Penetration Testing
Cyber security
Have the weaknesses in your information system, application, or network identified. Stay one step ahead of potential intruders.
Penetration testing, often referred to as pentesting is the process of testing information systems, applications or networks to identify and exploit security weaknesses. This type of testing is conducted from the perspective of a potential attacker who attempts to penetrate the system or application to gain unauthorized access or exploit data.
Our testing is based on methodologies such as OSSTMM and OWASP.
Penetration tests can be categorized into two main types based on their intent: internal and external.
Internal Infrastructure
Identification
The first phase of penetration testing involves identifying targets, the environment, and searching for vulnerabilities. We test security weaknesses related to software bugs, configuration, and service design.

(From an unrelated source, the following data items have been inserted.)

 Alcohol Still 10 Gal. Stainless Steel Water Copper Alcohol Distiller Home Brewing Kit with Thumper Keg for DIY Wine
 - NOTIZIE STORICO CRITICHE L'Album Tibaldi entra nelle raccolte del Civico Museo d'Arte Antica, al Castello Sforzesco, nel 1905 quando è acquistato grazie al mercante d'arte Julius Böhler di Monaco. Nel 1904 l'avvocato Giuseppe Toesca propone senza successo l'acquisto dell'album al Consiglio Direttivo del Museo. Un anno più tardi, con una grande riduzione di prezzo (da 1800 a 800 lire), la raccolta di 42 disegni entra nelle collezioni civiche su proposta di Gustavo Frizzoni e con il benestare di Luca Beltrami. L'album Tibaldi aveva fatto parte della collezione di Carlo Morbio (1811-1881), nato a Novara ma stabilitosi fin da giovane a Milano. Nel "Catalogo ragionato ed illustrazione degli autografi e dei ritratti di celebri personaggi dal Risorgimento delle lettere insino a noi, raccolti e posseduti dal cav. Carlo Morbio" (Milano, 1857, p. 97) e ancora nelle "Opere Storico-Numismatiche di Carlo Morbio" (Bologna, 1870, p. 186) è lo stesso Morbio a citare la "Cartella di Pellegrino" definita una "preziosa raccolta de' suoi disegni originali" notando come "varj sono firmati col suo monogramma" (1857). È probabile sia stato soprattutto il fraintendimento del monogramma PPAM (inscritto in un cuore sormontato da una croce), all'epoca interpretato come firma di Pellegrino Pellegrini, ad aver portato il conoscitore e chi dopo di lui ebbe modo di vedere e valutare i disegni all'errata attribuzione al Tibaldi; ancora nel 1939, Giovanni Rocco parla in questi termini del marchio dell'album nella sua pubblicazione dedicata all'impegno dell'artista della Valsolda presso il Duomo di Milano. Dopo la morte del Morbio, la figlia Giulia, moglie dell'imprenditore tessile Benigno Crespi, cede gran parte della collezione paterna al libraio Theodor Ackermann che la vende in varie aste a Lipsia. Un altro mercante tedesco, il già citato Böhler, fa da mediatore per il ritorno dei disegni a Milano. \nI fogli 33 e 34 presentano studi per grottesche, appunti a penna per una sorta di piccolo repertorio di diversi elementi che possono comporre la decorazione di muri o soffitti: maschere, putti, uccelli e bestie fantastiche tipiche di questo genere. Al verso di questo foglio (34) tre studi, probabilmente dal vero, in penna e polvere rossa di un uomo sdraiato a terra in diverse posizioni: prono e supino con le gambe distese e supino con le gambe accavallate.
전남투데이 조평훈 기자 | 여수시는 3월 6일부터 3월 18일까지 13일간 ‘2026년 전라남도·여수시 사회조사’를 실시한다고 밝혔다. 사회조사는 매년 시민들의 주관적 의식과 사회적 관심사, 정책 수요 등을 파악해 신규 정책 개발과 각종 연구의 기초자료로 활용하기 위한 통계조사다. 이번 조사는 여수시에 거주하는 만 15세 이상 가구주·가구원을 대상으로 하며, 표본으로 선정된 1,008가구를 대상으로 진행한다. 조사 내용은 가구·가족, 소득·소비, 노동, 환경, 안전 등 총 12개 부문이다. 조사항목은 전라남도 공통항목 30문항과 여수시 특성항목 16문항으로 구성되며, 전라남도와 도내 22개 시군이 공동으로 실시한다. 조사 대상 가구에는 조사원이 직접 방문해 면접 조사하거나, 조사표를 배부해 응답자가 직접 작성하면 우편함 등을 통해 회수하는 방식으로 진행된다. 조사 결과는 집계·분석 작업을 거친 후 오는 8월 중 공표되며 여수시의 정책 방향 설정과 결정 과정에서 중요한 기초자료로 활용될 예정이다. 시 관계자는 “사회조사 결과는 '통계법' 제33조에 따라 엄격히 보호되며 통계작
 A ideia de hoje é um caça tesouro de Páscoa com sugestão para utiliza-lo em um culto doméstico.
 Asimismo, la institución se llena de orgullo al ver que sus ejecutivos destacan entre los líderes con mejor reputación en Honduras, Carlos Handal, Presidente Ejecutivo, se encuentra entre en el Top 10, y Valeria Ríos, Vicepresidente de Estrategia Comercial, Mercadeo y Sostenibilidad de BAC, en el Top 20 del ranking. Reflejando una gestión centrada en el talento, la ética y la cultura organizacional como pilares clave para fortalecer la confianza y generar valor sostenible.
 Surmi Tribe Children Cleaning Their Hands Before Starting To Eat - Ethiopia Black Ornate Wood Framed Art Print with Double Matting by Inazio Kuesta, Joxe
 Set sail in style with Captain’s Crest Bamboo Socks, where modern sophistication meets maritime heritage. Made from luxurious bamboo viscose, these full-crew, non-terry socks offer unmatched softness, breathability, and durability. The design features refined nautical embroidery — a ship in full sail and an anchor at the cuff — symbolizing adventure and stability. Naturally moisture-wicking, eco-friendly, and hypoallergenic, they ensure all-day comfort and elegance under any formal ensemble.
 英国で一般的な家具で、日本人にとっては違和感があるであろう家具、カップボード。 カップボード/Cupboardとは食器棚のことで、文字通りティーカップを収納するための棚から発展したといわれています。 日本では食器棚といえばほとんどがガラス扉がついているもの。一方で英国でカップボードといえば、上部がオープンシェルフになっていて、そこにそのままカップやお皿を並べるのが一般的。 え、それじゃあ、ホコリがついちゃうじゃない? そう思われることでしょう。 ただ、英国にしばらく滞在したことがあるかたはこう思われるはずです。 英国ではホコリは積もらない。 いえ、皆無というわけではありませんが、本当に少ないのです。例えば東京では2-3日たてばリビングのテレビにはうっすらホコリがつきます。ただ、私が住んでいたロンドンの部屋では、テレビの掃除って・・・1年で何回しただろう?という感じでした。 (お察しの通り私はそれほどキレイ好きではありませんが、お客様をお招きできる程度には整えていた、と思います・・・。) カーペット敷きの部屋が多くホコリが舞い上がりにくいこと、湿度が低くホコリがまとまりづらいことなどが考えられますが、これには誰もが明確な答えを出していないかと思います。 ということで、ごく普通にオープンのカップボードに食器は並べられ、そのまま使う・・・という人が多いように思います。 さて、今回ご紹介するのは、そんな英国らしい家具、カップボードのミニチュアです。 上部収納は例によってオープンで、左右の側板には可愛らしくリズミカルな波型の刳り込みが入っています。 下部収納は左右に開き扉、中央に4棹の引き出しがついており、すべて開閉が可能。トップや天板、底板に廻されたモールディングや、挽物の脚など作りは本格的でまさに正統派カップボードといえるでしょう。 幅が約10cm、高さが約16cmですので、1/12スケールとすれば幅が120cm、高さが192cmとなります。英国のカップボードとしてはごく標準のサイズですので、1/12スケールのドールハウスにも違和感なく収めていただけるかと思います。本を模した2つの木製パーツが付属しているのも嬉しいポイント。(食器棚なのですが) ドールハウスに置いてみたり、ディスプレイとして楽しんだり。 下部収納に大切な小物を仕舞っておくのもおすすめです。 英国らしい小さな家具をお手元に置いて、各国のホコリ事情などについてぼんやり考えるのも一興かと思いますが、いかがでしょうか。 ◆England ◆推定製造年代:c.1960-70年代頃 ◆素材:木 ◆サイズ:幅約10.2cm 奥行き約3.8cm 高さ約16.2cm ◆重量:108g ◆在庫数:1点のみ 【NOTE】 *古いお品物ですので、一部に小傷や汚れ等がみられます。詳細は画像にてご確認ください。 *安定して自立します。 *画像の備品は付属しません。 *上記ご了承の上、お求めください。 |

Attempts to breach the system
The next phase focuses on attempts to breach the identified systems and services and escalate privileges. We use various methods, including password attacks and other exploits.
Domain compromise
Finally, we test for an attempt to compromise the company’s domain, where we try to escalate privileges to the level of domain administrator using various attacker techniques.
External Infrastructure
An external test simulates an anonymous attacker’s attempt to penetrate the company’s network from the internet. The goal is to bypass security measures, exploit vulnerabilities, and gain unauthorized access to the network or cause service unavailability. Typical targets of external tests include DMZ, email servers, DNS servers, web servers, and web applications.
Scanning open ports
The first phase involves scanning open ports and running services, identifying the operating system and software versions, using both system tools and automated scanners.
Vulnerability identification
Based on the gathered information and scans, the next phase identifies vulnerabilities and attempts to exploit them, utilizing commercial vulnerability scanners and proprietary tools.
Gaining access and control of the target
The final phase aims to achieve access and control of the target, potentially leveraging compromised devices for further attacks on other systems within the network.
Conclusion of internal and external penetration tests
After each penetration test, there is an important documentation phase where all steps of the testing process are carefully documented. This document includes a detailed description of all identified vulnerabilities and their evaluation according to the CVSS classification, allowing the organization to accurately assess their severity and prioritize subsequent steps within the system’s security framework.